That sounds awesome Nico. Thanks

On Tue, Jul 24, 2012 at 9:51 AM, Nicolaas Matthijs
<nicolaas.matth...@caret.cam.ac.uk> wrote:
> Looks like this has been hanging around on list for a while now, and we
> should probably try to move it forwards.
>
> The maintainability criterion can only be determined by a code review, which
> is standard practice. However, as this is proving to be such a critical
> feature in production, I'd suggest that we do a separate bugbash to evaluate
> its performance, ease of setup (running from a separate machine) and most
> importantly functional equivalence.
>
> When doing this, Kent can give his assessment of the ease of setup and the
> bugbashers can determine functional equivalence. We should also try to have
> it re-process the dummy content we usually bugbash with.
>
> If this all sounds good, I'd like to go ahead with this as soon as possible
> and run a bugbash straight after the 1.4.0 release with all of this set up.

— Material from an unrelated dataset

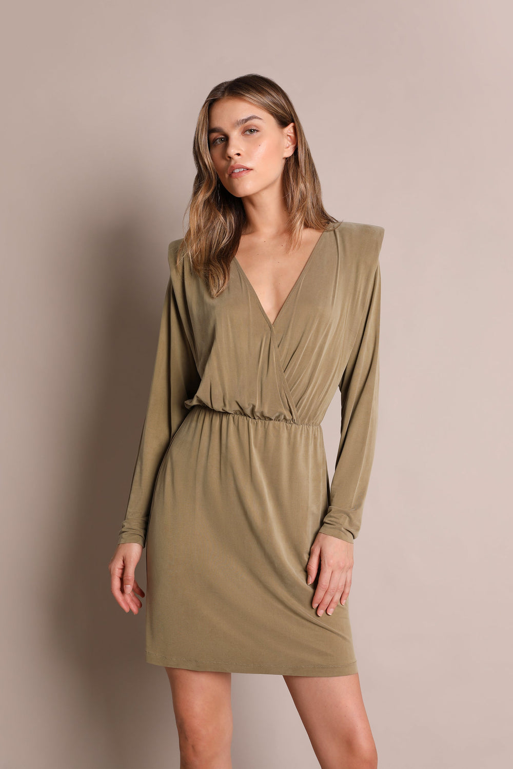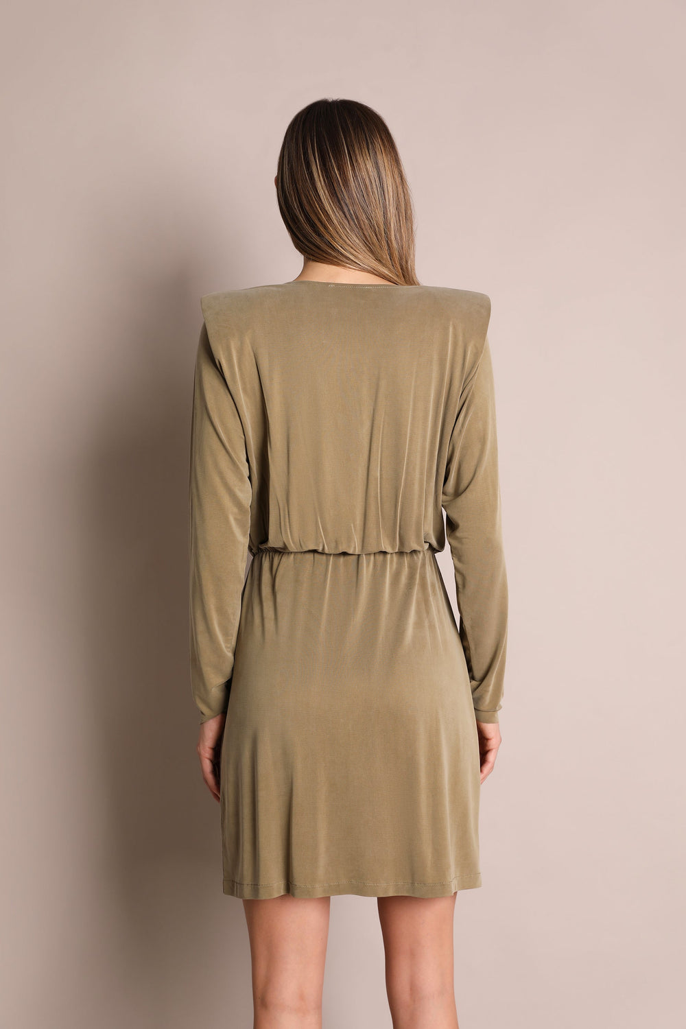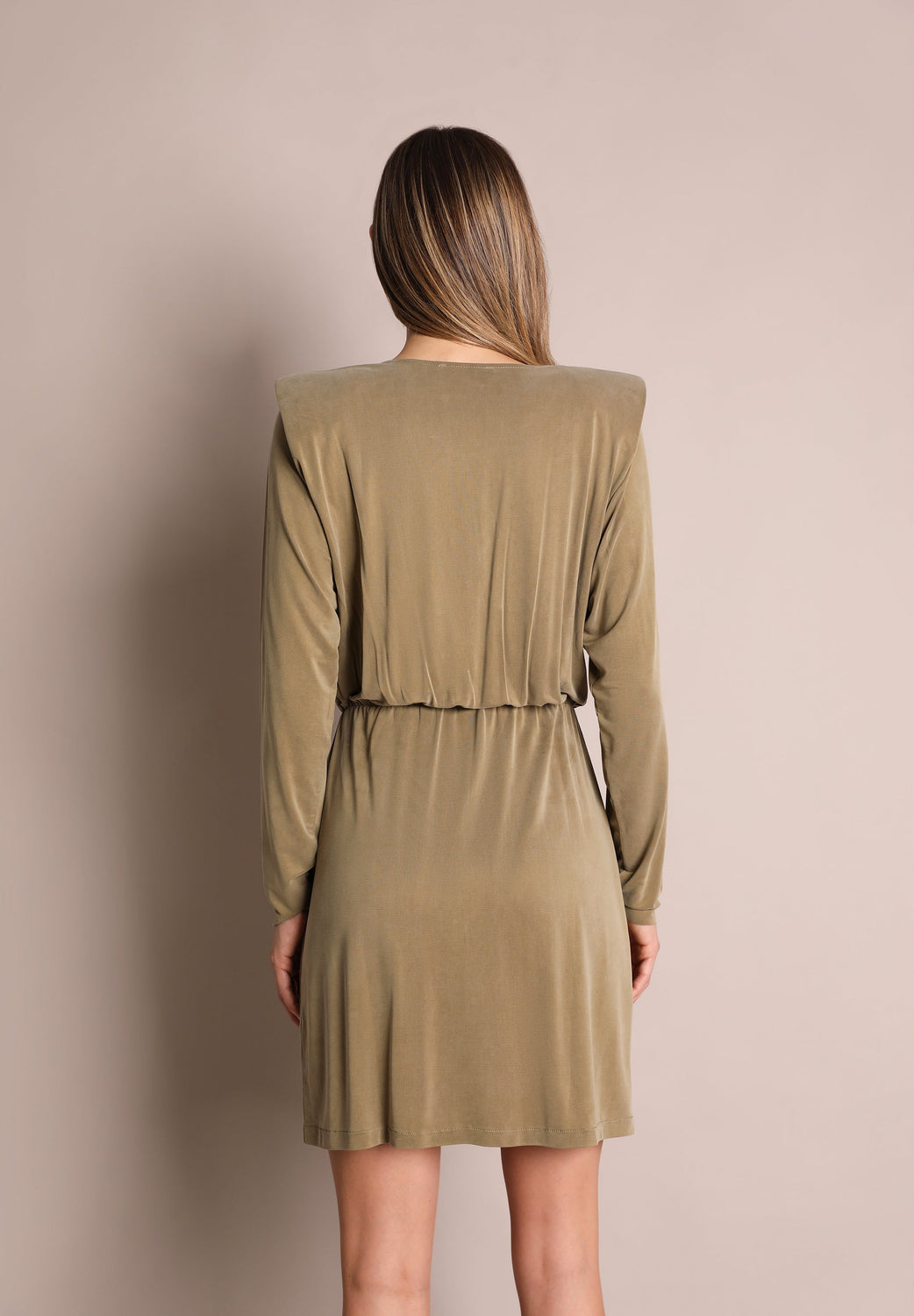 Mini dress. Made from a cupro fabric blend, regular fit, crossover V-neckline, long sleeves with shoulder pads and cut-out waist.

> If the implementation survives the bugbash, it can be reviewed and merged.
>
> Does that sound reasonable?
>
> Thanks,
> Nicolaas
>
>
>
> On 23 Jul 2012, at 07:42, Carl Hall wrote:
>
> Lance, I think the work is already split the way you suggest given what I
> know about what Erik has done (rewrite in Java) and what's left (add JMS).
> Adding message queue capabilities should not hold back reviewing the
> proposed changes.
>
> I would say that it needs to meet these opening criteria for my general
> acceptance:
>
> * Be functionally equal with the current solution
> * A combination of performance and maintainability
>    * Perform can be no worse overall. There might be different hotspots in
> the java version than the current ruby solution but there shouldn't be
> anything exponentially worse. Overall, the java version has to perform at
> least as good and hopefully better. Memory usage, overall processing time,
> resource usage (iops, disc reads, caching) should all be considered.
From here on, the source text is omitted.